The original Far Cry’s name has all but been run into the mud. From the well received PC original the formula has been diluted to within an inch of its life on the home consoles, with the final Wii version being barely recognisable compared to its forerunners. True, it was still somewhere sunny, but little that had made the series an initial success was visible in its tale of mutant powers and waggling.
Removing themselves away from the tropical island setting, Ubisoft have attempted to reboot the series by placing you in the shoes of an international agent tasked with tracking down an arms dealer known as The Jackal. Based in Africa, The Jackal has been supplying both sides in a bloody civil war and has left a trail of destruction across the whole continent.

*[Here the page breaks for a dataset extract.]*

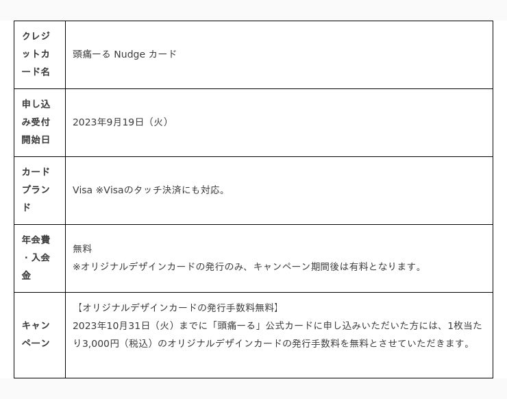 「頭痛―る」公式クレジットカードの申込受付は、Nudgeアプリにて2023年9月19日より開始いたします。
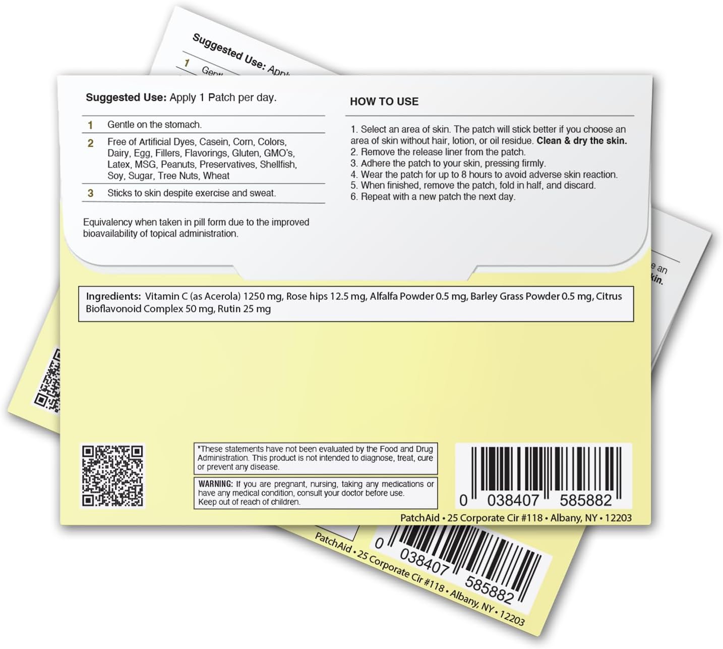 As the #1 selling topical patch, you can count on PatchAid to deliver. Simply stick a PatchAid topical patch daily to an area with little or no hair, i.e. shoulder, back, or hip. PatchAid patches are easy to use, comfortable, and can be worn during sleep. Product Dimensions : 5.5 x 0.2 x 4.2 inches; 0.8 ounces Date First Available : November 16, 2024 PatchAid patches are Latex, Lactose, Gluten, and Sugar-Free Free from harmful ingredients Multiple PatchAid patches can be worn at a time For best results, it is recommended to wear PatchAid patches for 8 hours. PatchAid patches are functional and easy to use |

An early run in with him leaves you running for your life, eventually being dragged to safety by one of the local militia. After recovering, they give you a gun, a car and a mission and you are set on the way for revenge somewhere on the other side of the map. And that is Far Cry 2 in a nutshell: a series of missions, setup by dubious characters, with mostly suspect aims, that require you to drive great distance to shoot someone for someone else.
Whilst the plot may not win awards for originality, it does offer an excuse to take the adventure through various African inspired environments. The scope of your world is huge, taking almost twenty minutes to drive from one edge to the other, and the trail leads through lush forests, grassy plains and harsh ravines, each offering more than a change of scenery. Combat in a forest offers the ability to sneak through the undergrowth, applying Rombo-like skills to take down mercenaries, whereas the dry, grassy plains are far more susceptible to bush fires, meaning a well placed Molotov can make short work of adversaries.

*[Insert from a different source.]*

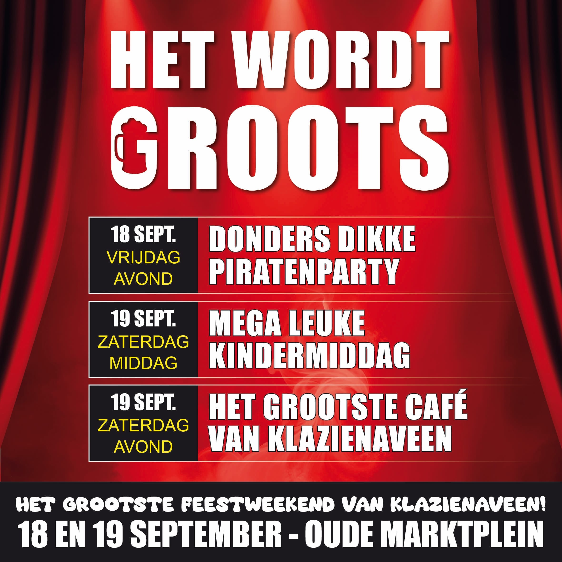 Op vrijdag 18 en zaterdag 19 september verandert het oude marktplein in Klazienaveen opnieuw in een bruisend feestterrein. Twee dagen lang geniet je van muziek, gezelligheid en spektakel voor jong én oud.

You need to be adept, too, as if ever there was a game that would, if it could, make you eat worms, it is Far Cry 2. Nobody in this game likes you, in fact everybody pretty much hates you. If the person you meet is not behind a shop’s counter then it’s a sure fire bet they will either try and ram you off the road or draw a gun in your general direction. Roads have checkpoints at regular intervals stocked with resistance and even on long, empty stretches a jeep with a mounted gun is a common sight.

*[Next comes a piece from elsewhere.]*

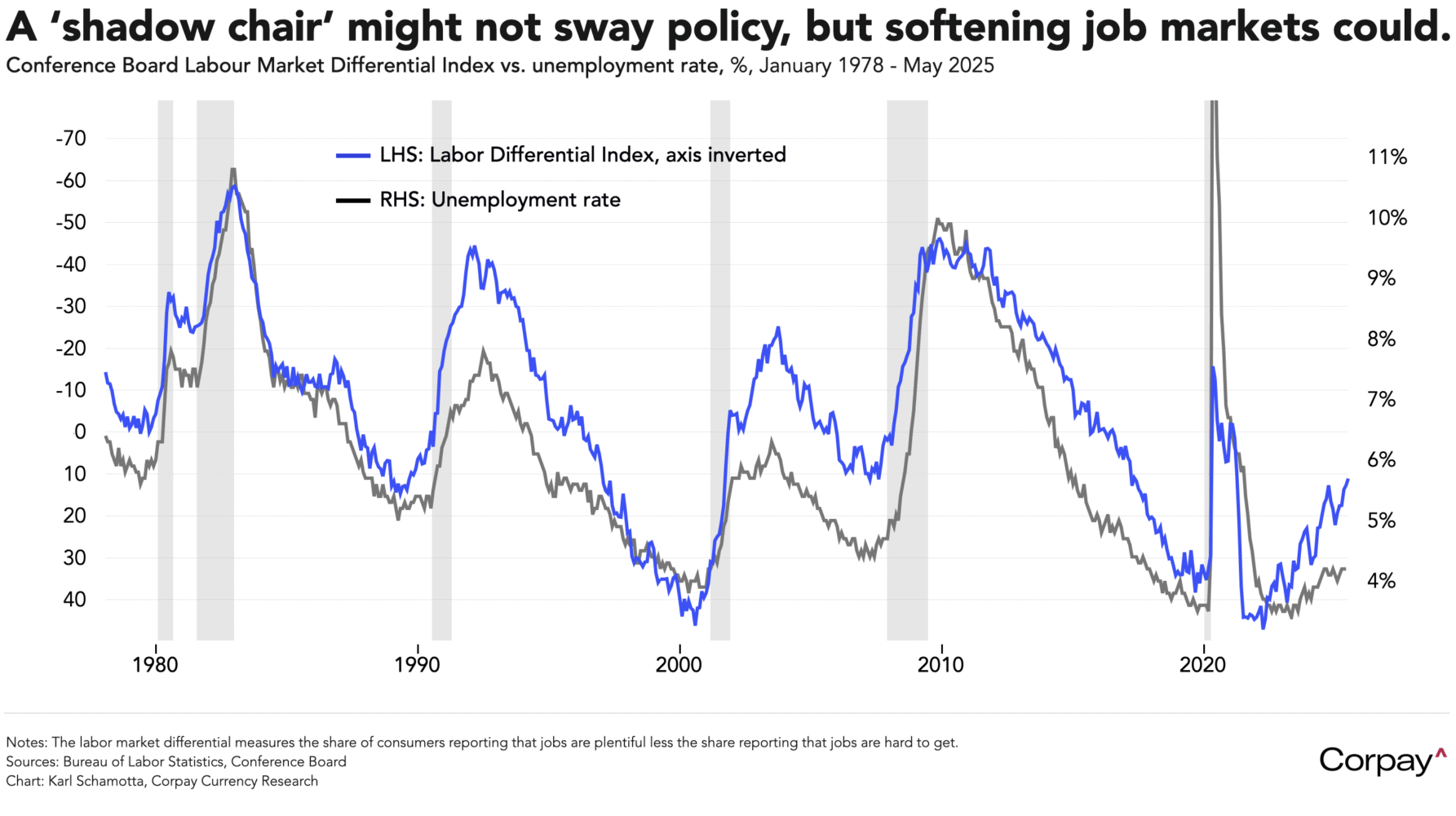 We’re not convinced that a Trump-aligned “shadow chair” would succeed in driving policy rates lower. The Fed is structured to avoid political interference: rates are set by twelve members who are appointed for terms that span presidential administrations, and there are no structural imperatives that demand policymakers fall behind the chair’s opinion when decisions are made. Meeting transcripts over recent decades have been overwhelmingly consistent with a consensus-driven—not top-down—process.

Gunplay is good, although a little floaty, and is let down by weapons developing the tendency to jam at crucial points the more you use them. As amusing as this sound, when I burst around a corner to take down a man who has been waving a shotgun at me then I expect to hear more than a “click” followed by him releasing both barrels into my chest. I do believe it is an interesting mechanic and one that could be explored but there is no indication as to how likely any individual weapon is likely to exhibit this frustrating habit. Supposedly it is how battered and weather beaten a gun is but as they all seemingly start out as default shade of brown its not entirely clear.
Second on my list of annoyances is the onset of malaria episodes. Again, at random, you can succumb to a bout of dizziness where you vision is blurred and defending yourself is out of the question. It’s place in the game seems only to serve as a conversation starter for NPCs who generally tell you that you don’t look well.
Overall, though, the game does produce a proper African adventure. At times you can travel for miles through the country’s criss-crossing road system and although you may wish for a fast transport system ala Fallout, I can think of a lot worse ways to get around. The scenery is interesting and the chance that you could stumble upon a stash of diamonds means you have as much attention focused on your GPS as you do the road.
Like so many sandbox games, Far Cry is more than the sum of its parts. The missions may be simple, the handling average and the random quirks irritating, but the ability to jump into a jeep and drive around the Serengeti in search of riches and bad guys is a powerful counterpoint.